*** Data provided Section Begins ***

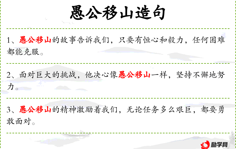 - 愚公移山:**古代寓言故事,比喻坚持不懈、不畏艰难的精神。
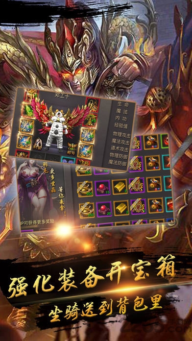 变态私服、怒刷BOSS:狂爆神装,稀有神装唾手可得,保值不掉价。神装加身,主宰沙城,成就传奇霸业!
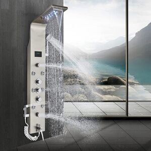 This product has an LED and digital display powered by water flow. There is a hydroelectric generator inside the product. When there is enough water flow, it will generate a safe power supply for LED and digital displays. If you want to take a comfortable bath every day, you are in the right place. This 50.39-inch shower panel tower system stainless steel 6 in1 multi-function shower panel with spout rainfall, waterfall, massage jets, tub spout, hand shower, and bidet for home hotel resort split type can do it for you. The shower system is lightweight, durable, and corrosion-resistant. Featured with durable ceramic valves ensuring there are no water leaks. available to work more than 600,000 times at a water temperature of 90 degrees. Its strong construction, paired with the fact that it is pre-plumbed. The sprinkler design makes you comfortable when taking a bath. It can bring you a good feeling from head to toe just like a massage. It is really a good assistant to ease fatigue and tiredness. What a good shower product for you! Come on and never miss it. Belfry Bathroom
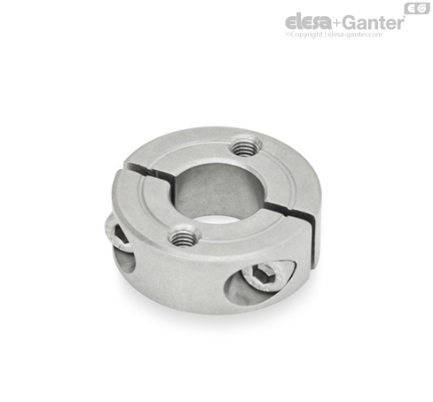 С разрезными установочными кольцами GN 7072.2, например, оси подсоединены к корпусу, или маховики и шайбы установлены на валах.
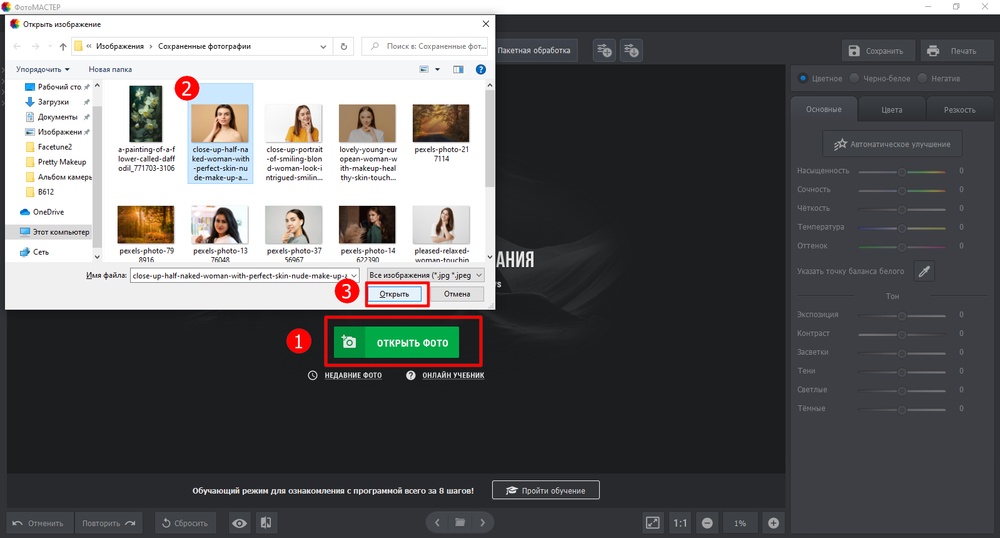 - Нажмите кнопку «Открыть фото» и выберите нужный снимок.
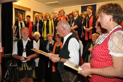 Der Chor aus Radebeul-Lindenau setzte dann das Programm fort mit einer Reihe von Liedern aus den verschiedensten Stilrichtungen. Hervorzuheben ist ein wunderschönes „Ave Maria“ von Karl May. Die wenigsten wissen wohl, dass Karl May auch komponierte und er stammte ja aus Radebeul, so dass es für den dortigen Chor eine Pflicht ist, ein Lied von Karl May zu singen. Es folgte dann noch eine „Winnetou-Rumba“ und zum Abschluss die Amboss-Polka und „Zieht Gedanken auf goldenen Flügeln“ von G. Verdi. Die Zuhörer waren ganz begeistert von den Liedern.
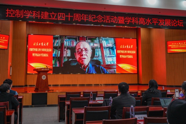 孫寶國院士致辭,他指出,控制學科今天舉辦四十周年紀念活動暨學科高水平發展論壇,總結歷史經驗、謀劃未來發展非常必要、非常重要。我校控制學科自1981年開始招收碩士研究生,迄今為止已有40年歷史,學科經歷了艱苦、踏實的建設歷程。今年以控制學科為主,整合全校資源,獲批系統科學博士點,標志著學科建設水平取得了質變。他表示,碩果成績的取得離不開專家和海內外校友的關心幫助和大力支持,離不開學科全體老師的付出。他向長期以來給予學校和控制學科關心、支持和幫助的專家和廣大校友表示衷心的感謝和崇高的敬意。孫寶國在致辭中希望控制學科要以獲批系統科學博士點為契機,繼續落實立德樹人根本任務,完善高水平人才培養體系,對標國內外一流學科標準,堅持內涵、特色、規范、質量的發展方針,開拓進取,勇攀高峰,在學校高水平研究型大學建設中承擔更多任務,彰顯重大作用,為國家和首都經濟社會發展做出新的更大貢獻。

*** Data provided Section Ends ***

**Directions:** Above are the records. Copy word for word only their lines from the one holding "- Нажмите кнопку" through the one holding "Der Chor aus", both included, and skip the images.

**Output below:**
 - Нажмите кнопку «Открыть фото» и выберите нужный снимок.
 Der Chor aus Radebeul-Lindenau setzte dann das Programm fort mit einer Reihe von Liedern aus den verschiedensten Stilrichtungen. Hervorzuheben ist ein wunderschönes „Ave Maria“ von Karl May. Die wenigsten wissen wohl, dass Karl May auch komponierte und er stammte ja aus Radebeul, so dass es für den dortigen Chor eine Pflicht ist, ein Lied von Karl May zu singen. Es folgte dann noch eine „Winnetou-Rumba“ und zum Abschluss die Amboss-Polka und „Zieht Gedanken auf goldenen Flügeln“ von G. Verdi. Die Zuhörer waren ganz begeistert von den Liedern.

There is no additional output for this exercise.